If we're going to fight a war

It seems that Lycos have switched off their Make Love Not Spam system that was hitting back at the spammers, I guess they fear they could be accused of organising a DDOS - Distributed Denial of Services attack on the spammers web servers.

Although I can appreciate that a DDOS attack is essentially wrong, it was really satisfying to see the spammers taking it from behind for a change.

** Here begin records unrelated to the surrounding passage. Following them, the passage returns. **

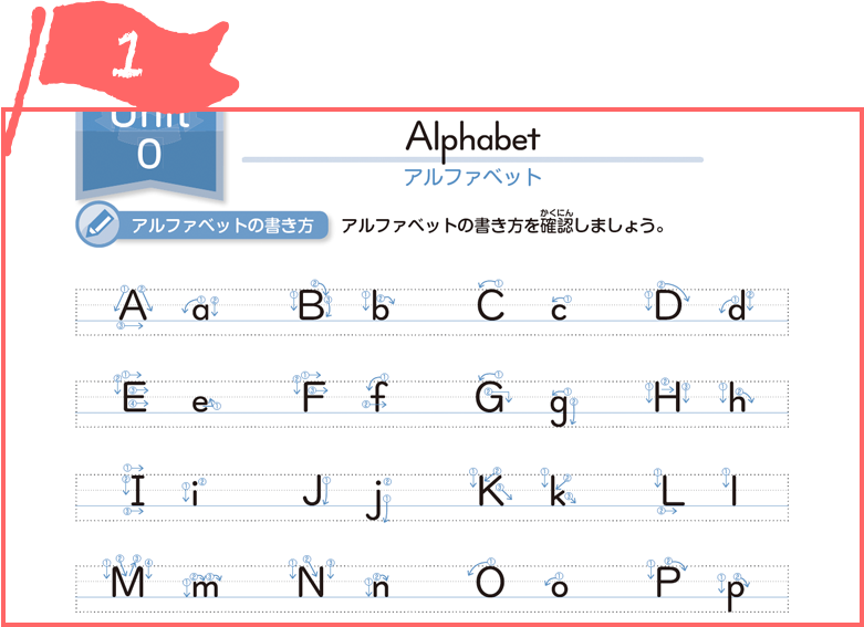 - 4年生から外国語活動を始める児童向けに、4年生も3年生と同様アルファベットのなぞり書きからはじめられるようにしています。
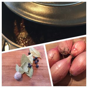 Dan het vlees afdrogen (keukenpapier) en goed bruin braden in boter (ongeveer 10 minuten); daarna afblussen met de marinade en de sjalotten.
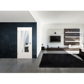 Bei dieser Variante für Innentürverglasungen ist die Silhouette klar und durchsichtig, während der Rest des Glases mattiert und undurchsichtig ist.

If we are engaged in a war with spammers then surely we need to use the same weapons they are using - you wouldn't expect an army to sit there and let itself be shelled out of existence without firing back.

Hopefully, with the idea of hitting the spammer back in this way out in the open, some enterprising programmer will write some code to do what Lycos have done and distribute it "open source" on the net.

Imagine visiting www.shareware.com or www.versiontracker.com and being able to choose from 40 different screens savers that do to the spammers what they've been doing to us for years.

Thursday, December 02, 2004

Screw the spamming bastards

Fancy getting back at the spammers who fill you in box with their junk email every day?

Lycos have developed a screen saver that hits the spammer's website slowing down their servers with all the traffic it generates and costing the spammer in extra bandwidth charges.

More on the story at the Beeb.

To download a copy of the screensaver go here - they even have a Mac version. Nice one guys.